Structural vs. Parametric Alignment: Moving value processing out of the backbone is a paradigm shift—preserving original model capabilities (frozen backbone) while avoiding shallow pattern issues in RLHF. Alignment evolves with the module rather than the training version.
Bridge Tokens as "Attention Interface for Values": Using tokens as anchors is elegant. It reuses existing attention mechanisms without adding parameters to the main network and avoids residual stream contamination.
Reuse of Gradient Correction Signals: Using \(\Delta\mathbf{z}=\nabla\mathcal{D}\) as a steering direction follows PPLM but modularizes and stabilizes it by performing the operation in a quotient space before lifting it back to the original space.
The use of curriculum training and asymmetric learning rates is a subtle but vital detail that ensures pathways do not converge into redundant functions.

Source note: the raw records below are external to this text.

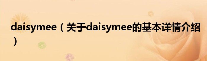 本文关于daisymee的基本详情介绍就讲解完毕,希望对大家有所帮助。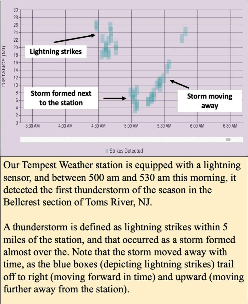 Following the six month stretch of no thunderstorms reported by our station, the first thunderstorm of the year was detected during the early morning hours of April 2nd 2024! For our purposes, a thunderstorm is defined as lightning strikes with 5 miles of our Tempest Weather station, which can detect lightning strikes up to 25 miles away. During this event, storms formed almost directly over the station before moving over the ocean and dissipating. We have seen as many as 3000 lightning strikes in a three hour period of storms last summer.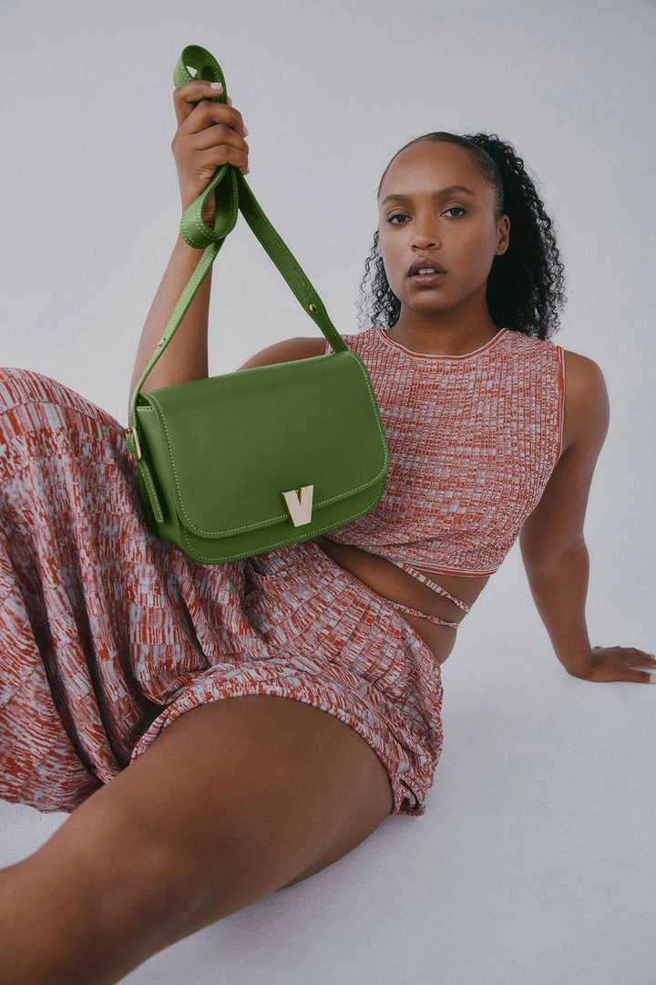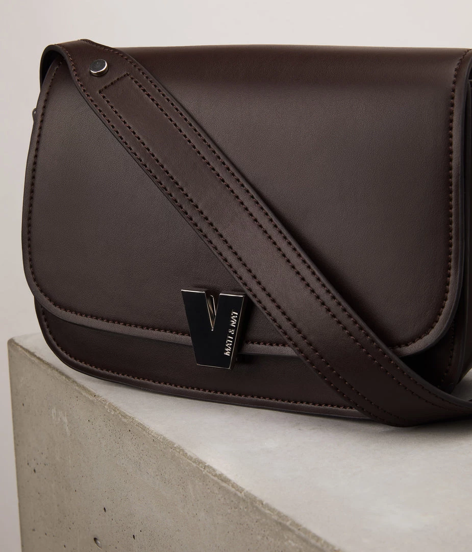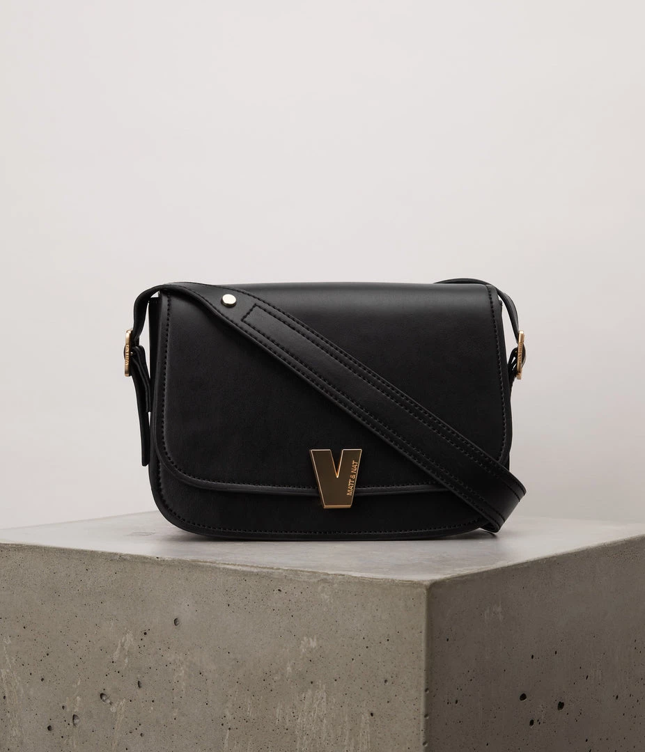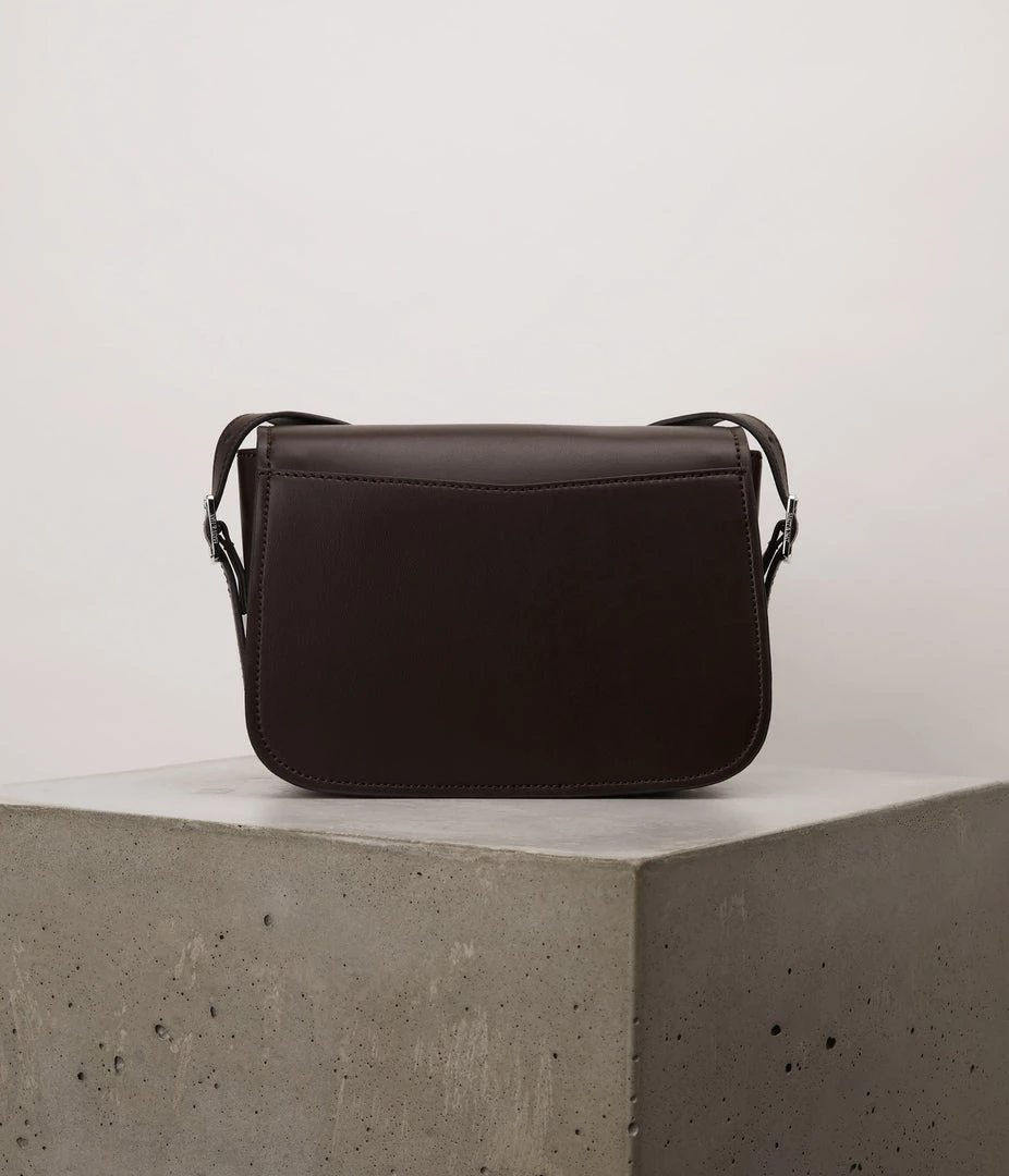 Crossbody bag with flap closure and flip-lock, exterior back slip pocket, and adjustable strap.

Limitations & Future Work¶

The value space was trained only on safety labels; scalability to multi-dimensional values (fairness, privacy, medical ethics) is unverified.
Discriminator \(\mathcal{D}\) still relies on supervised labels; deployment to new domains without human labels requires retraining, so it is not true zero-shot alignment.
Dynamic LVB increases latency by 50%-65%, which might be an issue for high-throughput batch inference.
The choice of \(K\), \(d_v\), and \(l^*\) remains empirical without automated or interpretability-based guidance.
Long-range consistency needs further validation to ensure Bridge Tokens are not diluted during very long sequence generation.

vs DPO/RLHF: DPO embeds preferences into weights and requires full retraining. SVGT is plug-and-play and does not compromise general capabilities.
vs ITI/CAA/RE-Control (Representation Engineering): These methods disrupt internal representations and spike PPL; SVGT uses the attention interface to maintain fluency and dynamic adjustment.
vs Prompt Engineering / System Prompt: System prompts lack deep guidance and are easily bypassed. SVGT is more robust to jailbreaks by tracking and correcting at the hidden level.
vs PPLM: SVGT modularizes the gradient-as-guidance idea of PPLM, moving it from the inefficient/unstable residual stream to a controlled value space.

Rating¶

Novelty: ⭐⭐⭐⭐ The "Independent Value Module + Bridge Token Anchors" is a clear and original alignment paradigm.
Experimental Thoroughness: ⭐⭐⭐⭐ Comprehensive cross-scale backbones, baselines, and benchmarks, though multi-value scenarios are missing.
Writing Quality: ⭐⭐⭐⭐ Motivation and design are logically connected and diagrams are clear.
Value: ⭐⭐⭐⭐ Provides a deployable plug-and-play safety solution for released models with minimal fluency loss.